Here the hunters have given up the direct attack and have resorted to a ruse. Within a rose-covered fence, the maiden "tames" the unicorn, while giving the signal to the huntsman. Hildegard von Bingen said several maidens are better than one in capturing unicorns, but this one will do. She is not just attractive (in the standard medieval ways), but flirtatious, supple, and seductive.

Allegorically, as the unicorn surrenders his fierceness and becomes tame by means of a maiden, so Christ surrendered his divine nature and became human by means of the Virgin Mary (not counting the trickery in the unicorn story). Roses = Mary (white purity / red suffering) but love too. The association was condemned early on in Christianity because of pagan associations, but that didn't last. Eve was associated with the thorn, Mary with the flower. The apple tree has obvious associations here.

Holly = Christ's thorn, with prickly leaves but bright berries (associated with the Christmas nativity).

6) The Unicorn is Killed and Brought to the Castle

(12'1" x 12'9")
Game would have been dismembered where slain, but the corpse here is brought to the lord and lady. A man grasps the horn and points towards them.

Hawthorn and holly = the crown of thorns. The corpse is garlanded with a wreath of oak leaves that have grown unnaturally on thorny branches: oak = the constancy of the lover; the wreath = the crown of thorns.

A swan winds necks with its mate in the moat. We see a dove-cot in the castle; that's part of castle life, but the dove is also associated with chastity or with mating for life. It also has associations with the Holy Spirit.

Two goldfinches appear in the spiny hawthorn behind the dead unicorn. They feed on seeds of thorns and thistles, and so are associated with the crown of thorns, passion, and redemption.

Other people are gossiping, even plotting, including a woman in red with tentacle-like curling fingers.

The hazelnut tree is entwined by a blackberry vine, noticeable because of its size and the nearby squirrel. The blackberry was considered to have been the burning bush of Moses, and so it prefigured Mary because of its not being consumed.

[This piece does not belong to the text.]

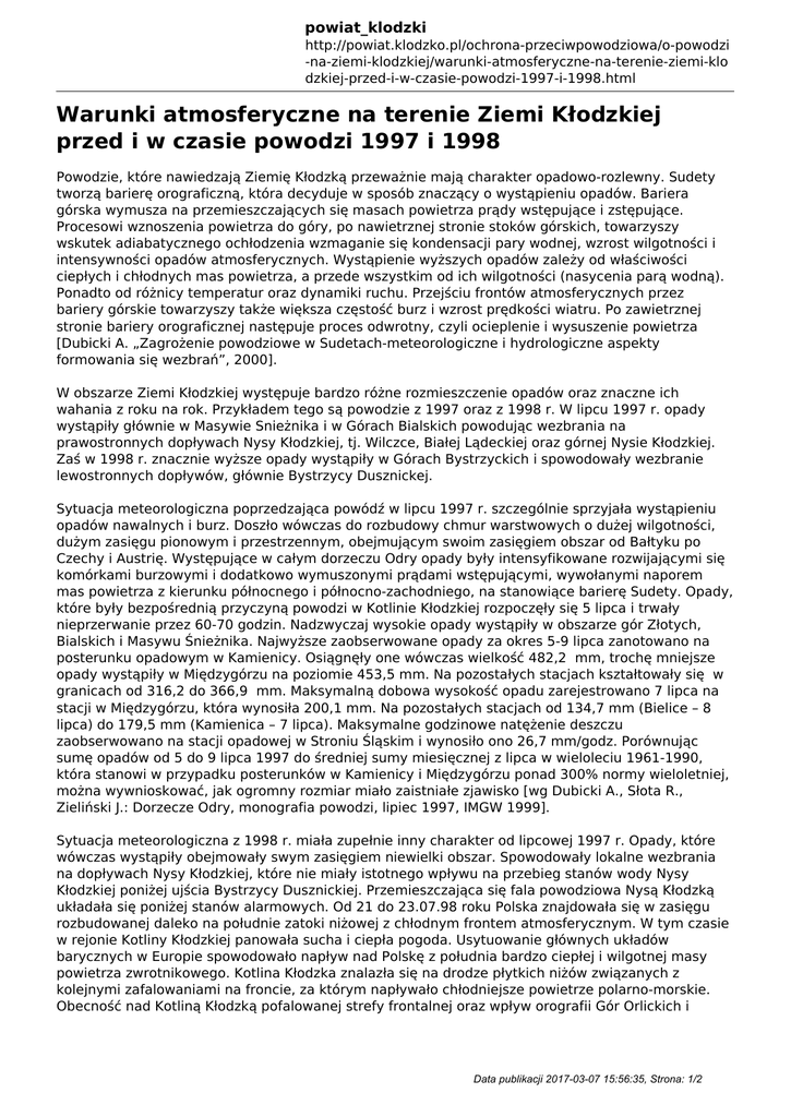 powiat_klodzki http://powiat.klodzko.pl/ochrona-przeciwpowodziowa/o-powodzi -na-ziemi-klodzkiej/warunki-atmosferyczne-na-terenie-ziemi-klo dzkiej-przed-i-w-czasie-powodzi-1997-i-1998.html Warunki atmosferyczne na terenie Ziemi Kłodzkiej przed i w czasie powodzi 1997 i 1998 Powodzie, które nawiedzają Ziemię Kłodzką przeważnie mają charakter opadowo-rozlewny. Sudety tworzą barierę orograficzną, która decyduje w sposób znaczący o wystąpieniu opadów. Bariera górska wymusza na przemieszczających się masach powietrza prądy wstępujące i zstępujące. Procesowi wznoszenia powietrza do góry, po nawietrznej stronie stoków górskich, towarzyszy wskutek adiabatycznego ochłodzenia wzmaganie się kondensacji pary wodnej, wzrost wilgotności i intensywności opadów atmosferycznych. Wystąpienie wyższych opadów zależy od właściwości ciepłych i chłodnych mas powietrza, a przede wszystkim od ich wilgotności (nasycenia parą wodną). Ponadto od różnicy temperatur oraz dynamiki ruchu. Przejściu frontów atmosferycznych przez bariery górskie towarzyszy także większa częstość burz i wzrost prędkości wiatru. Po zawietrznej stronie bariery orograficznej następuje proces odwrotny, czyli ocieplenie i wysuszenie powietrza [Dubicki A. „Zagrożenie powodziowe w Sudetach-meteorologiczne i hydrologiczne aspekty formowania się wezbrań”, 2000]. W obszarze Ziemi Kłodzkiej występuje bardzo różne rozmieszczenie opadów oraz znaczne ich wahania z roku na rok. Przykładem tego są powodzie z 1997 oraz z 1998 r. W lipcu 1997 r. opady wystąpiły głównie w Masywie Snieżnika i w Górach Bialskich powodując wezbrania na prawostronnych dopływach Nysy Kłodzkiej, tj. Wilczce, Białej Lądeckiej oraz górnej Nysie Kłodzkiej. Zaś w 1998 r. znacznie wyższe opady wystąpiły w Górach Bystrzyckich i spowodowały wezbranie lewostronnych dopływów, głównie Bystrzycy Dusznickej. Sytuacja meteorologiczna poprzedzająca powódź w lipcu 1997 r. szczególnie sprzyjała wystąpieniu opadów nawalnych i burz. Doszło wówczas do rozbudowy chmur warstwowych o dużej wilgotności, dużym zasięgu pionowym i przestrzennym, obejmującym swoim zasięgiem obszar od Bałtyku po Czechy i Austrię. Występujące w całym dorzeczu Odry opady były intensyfikowane rozwijającymi się komórkami burzowymi i dodatkowo wymuszonymi prądami wstępującymi, wywołanymi naporem mas powietrza z kierunku północnego i północno-zachodniego, na stanowiące barierę Sudety. Opady, które były bezpośrednią przyczyną powodzi w Kotlinie Kłodzkiej rozpoczęły się 5 lipca i trwały nieprzerwanie przez 60-70 godzin. Nadzwyczaj wysokie opady wystąpiły w obszarze gór Złotych, Bialskich i Masywu Śnieżnika. Najwyższe zaobserwowane opady za okres 5-9 lipca zanotowano na posterunku opadowym w Kamienicy. Osiągnęły one wówczas wielkość 482,2 mm, trochę mniejsze opady wystąpiły w Międzygórzu na poziomie 453,5 mm. Na pozostałych stacjach kształtowały się w granicach od 316,2 do 366,9 mm. Maksymalną dobowa wysokość opadu zarejestrowano 7 lipca na stacji w Międzygórzu, która wynosiła 200,1 mm. Na pozostałych stacjach od 134,7 mm (Bielice – 8 lipca) do 179,5 mm (Kamienica – 7 lipca). Maksymalne godzinowe natężenie deszczu zaobserwowano na stacji opadowej w Stroniu Śląskim i wynosiło ono 26,7 mm/godz. Porównując sumę opadów od 5 do 9 lipca 1997 do średniej sumy miesięcznej z lipca w wieloleciu 1961-1990, która stanowi w przypadku posterunków w Kamienicy i Międzygórzu ponad 300% normy wieloletniej, można wywnioskować, jak ogromny rozmiar miało zaistniałe zjawisko [wg Dubicki A., Słota R., Zieliński J.: Dorzecze Odry, monografia powodzi, lipiec 1997, IMGW 1999]. Sytuacja meteorologiczna z 1998 r. miała zupełnie inny charakter od lipcowej 1997 r. Opady, które wówczas wystąpiły obejmowały swym zasięgiem niewielki obszar. Spowodowały lokalne wezbrania na dopływach Nysy Kłodzkiej, które nie miały istotnego wpływu na przebieg stanów wody Nysy Kłodzkiej poniżej ujścia Bystrzycy Dusznickiej. Przemieszczająca się fala powodziowa Nysą Kłodzką układała się poniżej stanów alarmowych. Od 21 do 23.07.98 roku Polska znajdowała się w zasięgu rozbudowanej daleko na południe zatoki niżowej z chłodnym frontem atmosferycznym. W tym czasie w rejonie Kotliny Kłodzkiej panowała sucha i ciepła pogoda. Usytuowanie głównych układów barycznych w Europie spowodowało napływ nad Polskę z południa bardzo ciepłej i wilgotnej masy powietrza zwrotnikowego. Kotlina Kłodzka znalazła się na drodze płytkich niżów związanych z kolejnymi zafalowaniami na froncie, za którym napływało chłodniejsze powietrze polarno-morskie. Obecność nad Kotliną Kłodzką pofalowanej strefy frontalnej oraz wpływ orografii Gór Orlickich i Data publikacji 2017-03-07 15:56:35, Strona: 1/2 powiat_klodzki http://powiat.klodzko.pl/ochrona-przeciwpowodziowa/o-powodzi -na-ziemi-klodzkiej/warunki-atmosferyczne-na-terenie-ziemi-klo dzkiej-przed-i-w-czasie-powodzi-1997-i-1998.html Bystrzyckich stworzyły dogodne warunki dla silnej aktywności burzowej, której towarzyszyły opady deszczu o charakterze nawalnym. Najwyższe opady wystąpiły w Zieleńcu i Dusznikach. Sumy opadów za lipiec 1998 r. na poszczególnych stacjach przewyższały normy miesięczne lipca o 149 %. Deszcze te były krótkotrwałe i czas ich trwania wynosił od 6 do 12 godzin. Porównując średnie sumy opadów w zlewni Białej Lądeckiej i Bystrzycy Dusznickiej można stwierdzić znaczne zróżnicowanie w ich wysokości. Suma opadów w dniach 5-8 lipca 1997 w zlewni Białej Lądeckiej wyniosła 350 mm, podczas gdy w zlewni Bystrzycy Dusznickiej tylko 80 mm. Odwrotna relacja miała miejsce w dniach 22-23 lipca 1998 r. Wtedy to suma opadów w zlewni Białej Lądeckiej wyniosła 30 mm, natomiast w zlewni Bystrzycy Dusznickiej osiągnęła 145 mm. Do dnia dzisiejszego sytuacja meteorologiczna ja

7) The Unicorn in Captivity

(12'1" x 8'3")
The unicorn is alive again, chained and entrapped, but seemingly content in its paradise garden. It appears to be bleeding from the hunt wounds but actually those are pomegranate seeds and dripping juices from the stylized tree.

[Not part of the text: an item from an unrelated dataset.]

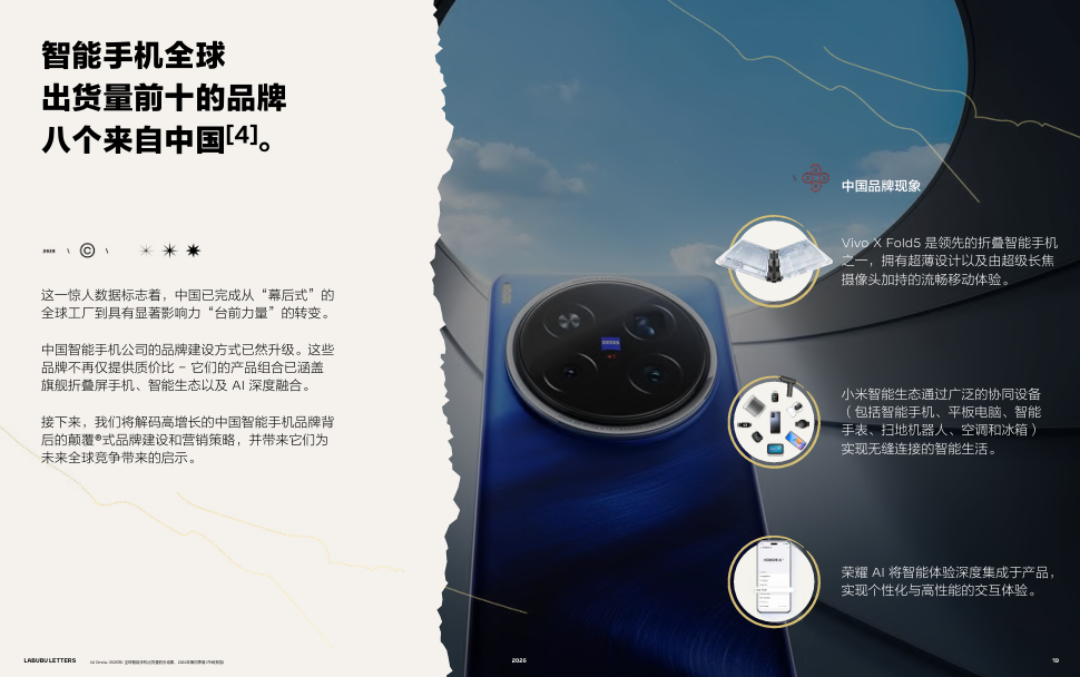 全球智能手机出货量前十的品牌中,八个来自中国。这标志着中国已完成从“全球工厂”到“台前力量”的转变。

The butterfly over the carnation in front signifies resurrection and love, but earthly love. Two dragonflies zip around. There's a Madonna lily with a dragonfly at it; these were popular in gardens and quite fragrant, and they also represent the sweetness of love. Madonna lilies are white, for purity, and gold within = Christ.

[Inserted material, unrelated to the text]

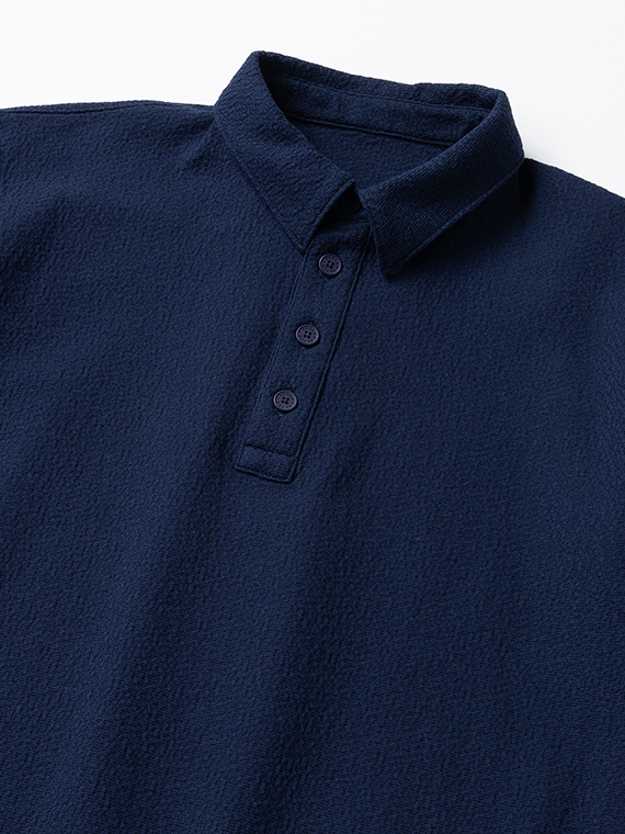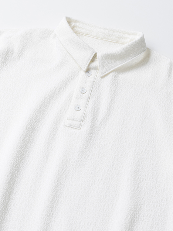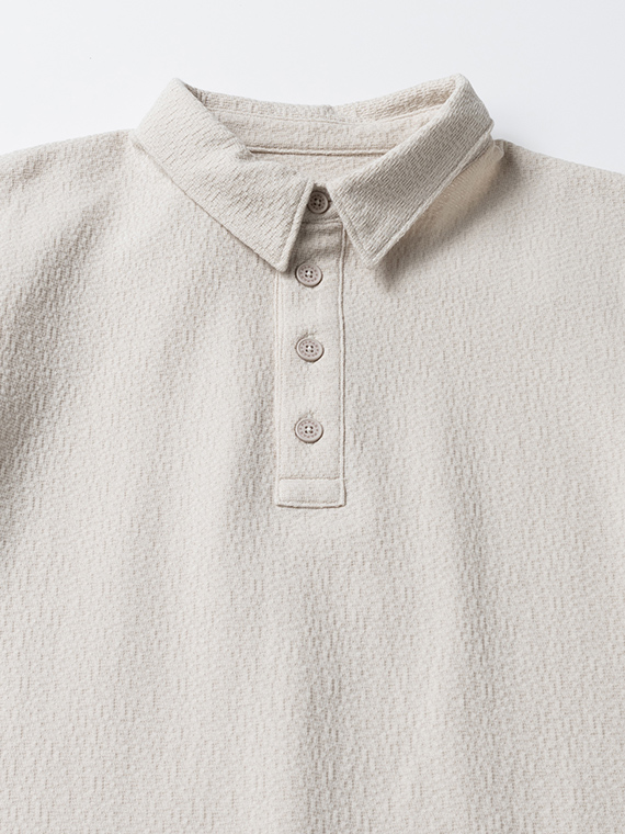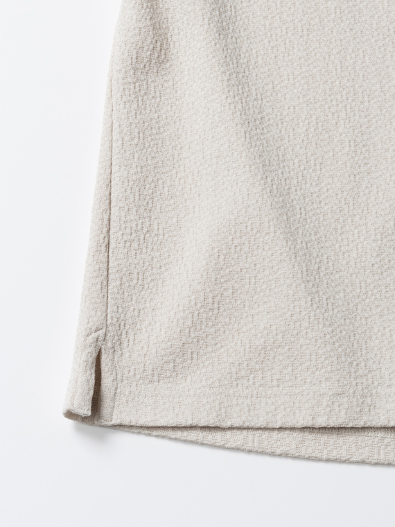 素材には、希少な編み機で編み上げたリンクスジャカードのモザイク柄生地を使用。リンクス編みは、平編みの横列を一列おきに表目と裏目で構成する編み方で、編地の凹凸によってモザイク柄を表現しています。プリントとは異なる立体的な表情が特徴で、奥行きのある見え方をお楽しみいただけます。縦横ともに伸縮性に優れており、動きやすく快適な着心地も魅力の素材です。

A frog is subtly included in the bottom right corner above the crest. Its croak is its love serenade for mating. A bone from its left side was considered an aphrodisiac. The frog is the enemy of water-snakes. Hildegard and others said that frogs were anti-toxins and could cure poisoning: strangle a frog over a poisoned body, place the dying frog on a bandage for an hour; the victim is safe for a year and a half.

[A different but famous set of tapestries called THE LADY AND THE UNICORN depicts the five senses and is housed at the Cluny Museum in Paris.]

Works Consulted

Freeman, Margaret B. The Unicorn Tapestries. NY: E.P. Dutton, Inc., 1976.